*Try it*:
Repeat each entry as written, dropping any picture you find.

*Data for processing*:
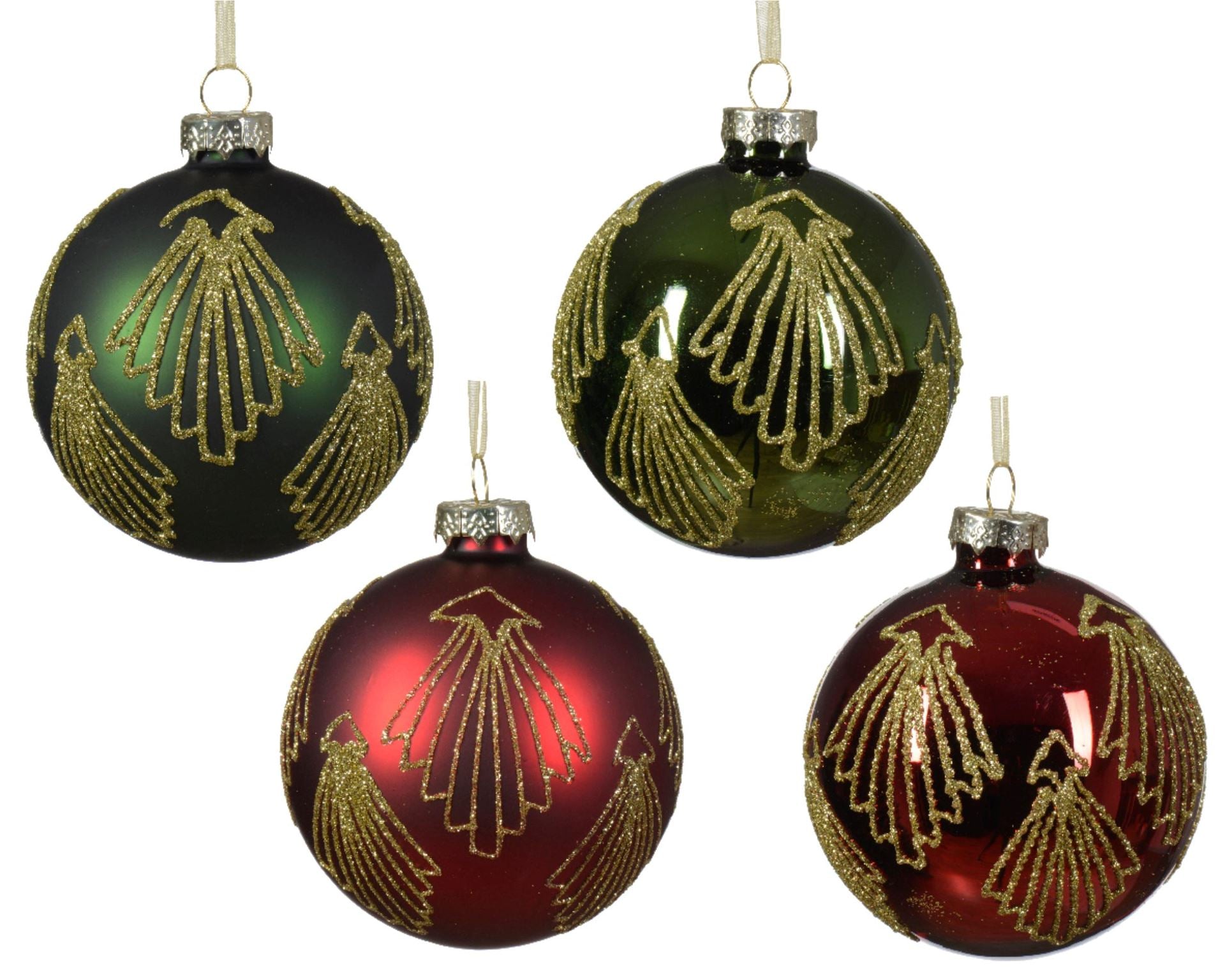Red & Green Glass Christmas Tree Ball – 8 cm Holiday Ornament
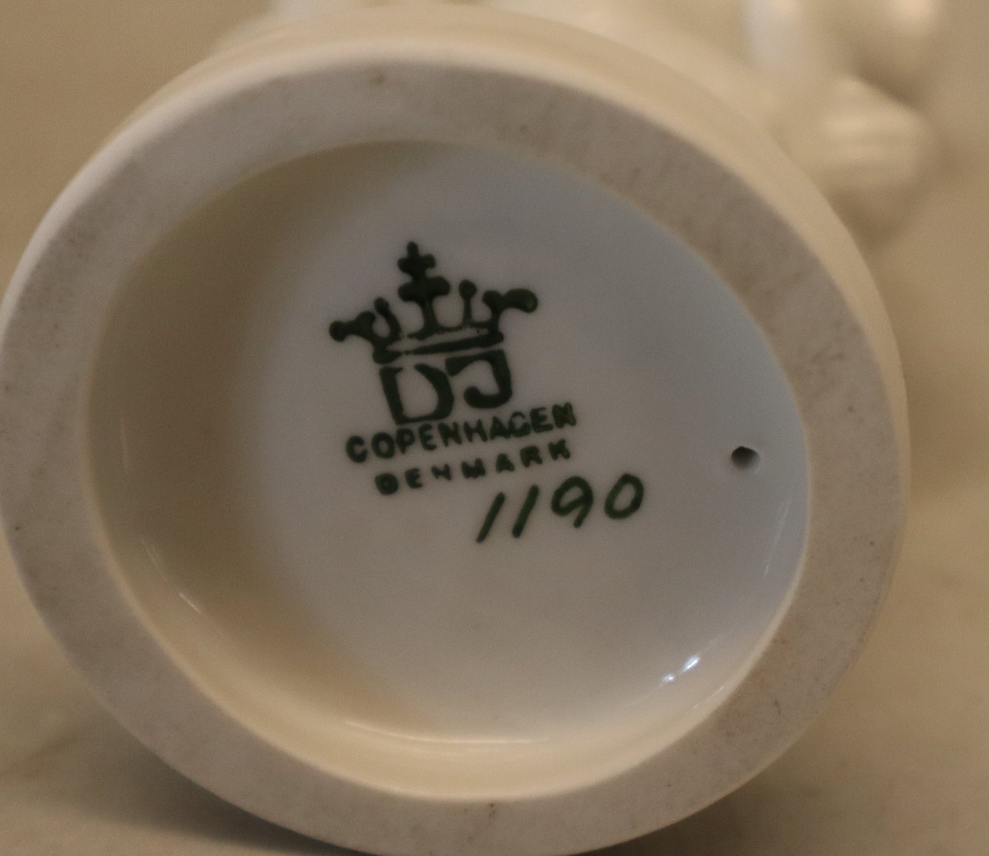 Beskrivelse: Dahl Jensen hvid 1190 Bager (DJ) 13,5 cm, hvid Blanc de Chine. Mærket med kongelig krone og DJ Copenhagen i hel og fin stand.
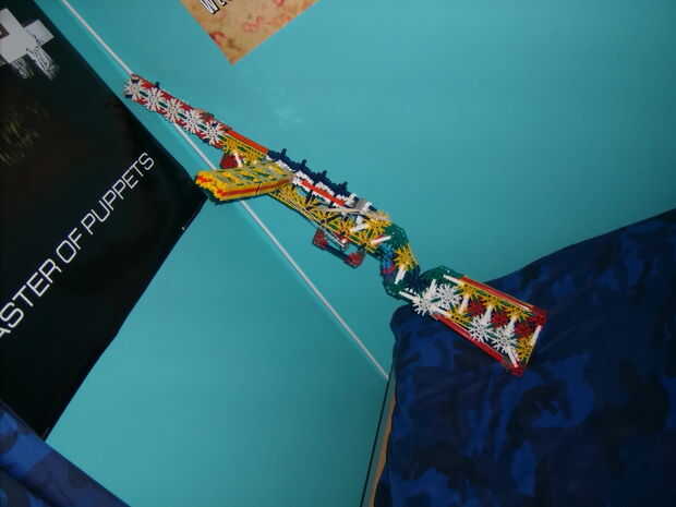 este es mi smg KVG que hice algún tiempo atrás. No es demasiado potente y precisa a larga distancia pero es ligero y fácil de llevar.Utiliza barras de blanco/de plata que caben en la revista pero la mejor anmmo son las barras de amarillo/marrón que p
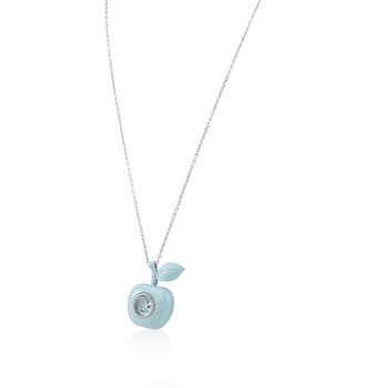 Blue stainless steel case with a silver-tone stainless steel chain bracelet. Fixed blue stainless steel bezel. Silver dial with silver-tone hands. Dots set at the 3, 6, 9 and 12 o'clock positions. Dial Type: Analog. Quartz movement. Scratch resistant mineral crystal. Solid case back. Unique case shape. Water resistant at 30 meters / 100 feet. Functions: hour, minute. Blue Apple Bauble Series. Dress watch style. Marc Jacobs Quartz Pale Blue Apple Bauble Ladies Watch Necklace MJ0120190886.
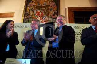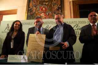 GUANAJUATO, GUANAJUATO, 30OCTUBRE2009.- Manuél Felguérez, artísta plástico, zacatecano, recibió esta noche las llaves de la ciudad de Guanajuato con la representación de su Presidente Municipal, Nicéforo Guerrero Reynoso, Lidia Camacho, Directora del Festival Internacional Cervantino, y Arturo Lara López, Rector General de la Universidad Autónoma de Guanajuato. FOTO: DAVID BOLAÑOS/CUARTOSCURO.COM
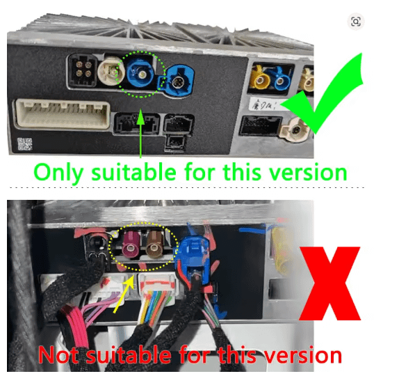My car is the first version, which no longer has the rotating screen. We were told that they will no longer make it like this. I probably have new generation hardware, because everything is completely different in terms of connections. It doesn't look at all like the photos in terms of connector colors and layout.
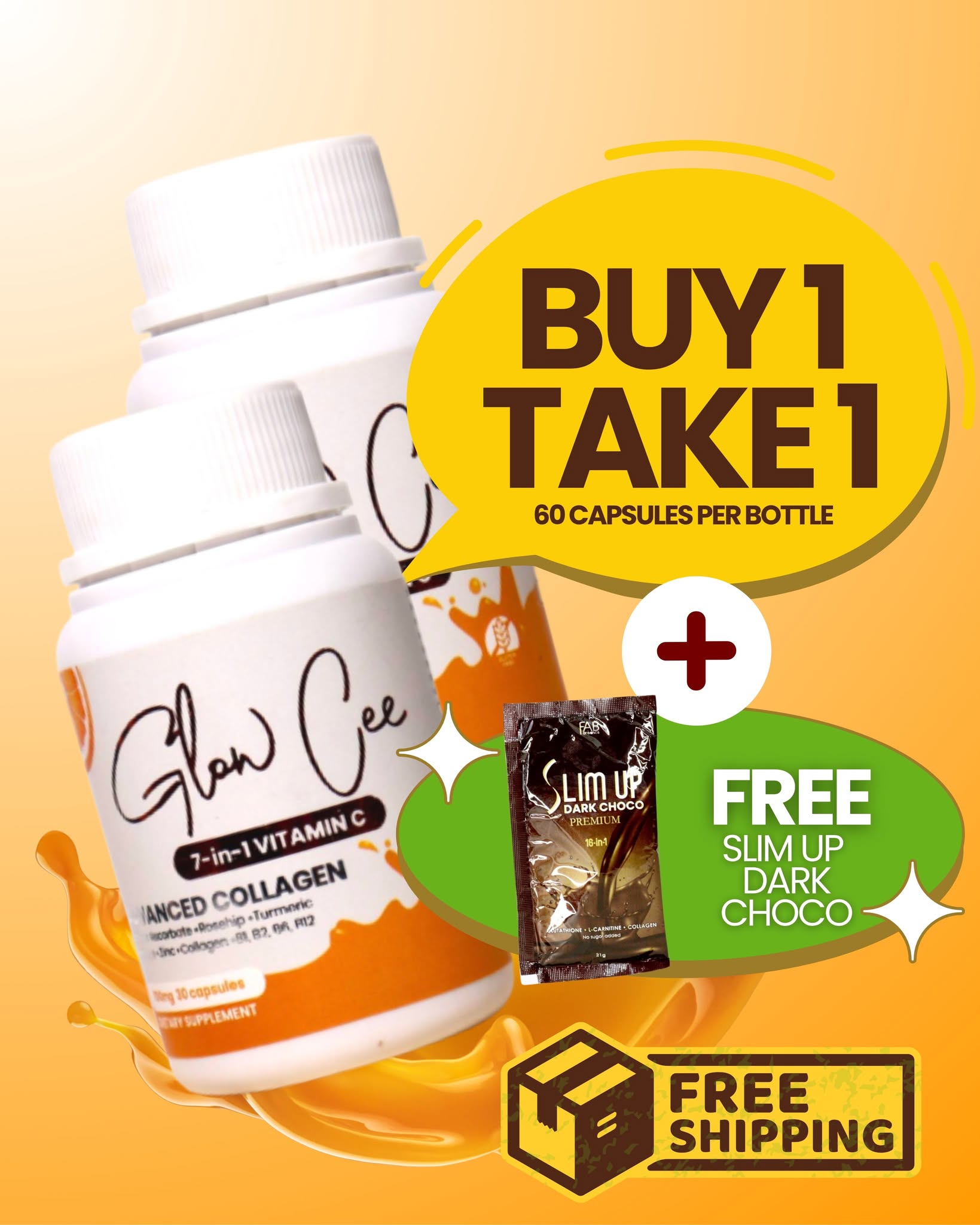 BUY 1 Slm Up (10 sachets), GET 1 Glow Cee VitC Collagen (60 capsules)

*Exercise answer*:
Red & Green Glass Christmas Tree Ball – 8 cm Holiday Ornament
 Beskrivelse: Dahl Jensen hvid 1190 Bager (DJ) 13,5 cm, hvid Blanc de Chine. Mærket med kongelig krone og DJ Copenhagen i hel og fin stand.
 este es mi smg KVG que hice algún tiempo atrás. No es demasiado potente y precisa a larga distancia pero es ligero y fácil de llevar.Utiliza barras de blanco/de plata que caben en la revista pero la mejor anmmo son las barras de amarillo/marrón que p
 Blue stainless steel case with a silver-tone stainless steel chain bracelet. Fixed blue stainless steel bezel. Silver dial with silver-tone hands. Dots set at the 3, 6, 9 and 12 o'clock positions. Dial Type: Analog. Quartz movement. Scratch resistant mineral crystal. Solid case back. Unique case shape. Water resistant at 30 meters / 100 feet. Functions: hour, minute. Blue Apple Bauble Series. Dress watch style. Marc Jacobs Quartz Pale Blue Apple Bauble Ladies Watch Necklace MJ0120190886.
 GUANAJUATO, GUANAJUATO, 30OCTUBRE2009.- Manuél Felguérez, artísta plástico, zacatecano, recibió esta noche las llaves de la ciudad de Guanajuato con la representación de su Presidente Municipal, Nicéforo Guerrero Reynoso, Lidia Camacho, Directora del Festival Internacional Cervantino, y Arturo Lara López, Rector General de la Universidad Autónoma de Guanajuato. FOTO: DAVID BOLAÑOS/CUARTOSCURO.COM
My car is the first version, which no longer has the rotating screen. We were told that they will no longer make it like this. I probably have new generation hardware, because everything is completely different in terms of connections. It doesn't look at all like the photos in terms of connector colors and layout.
 BUY 1 Slm Up (10 sachets), GET 1 Glow Cee VitC Collagen (60 capsules)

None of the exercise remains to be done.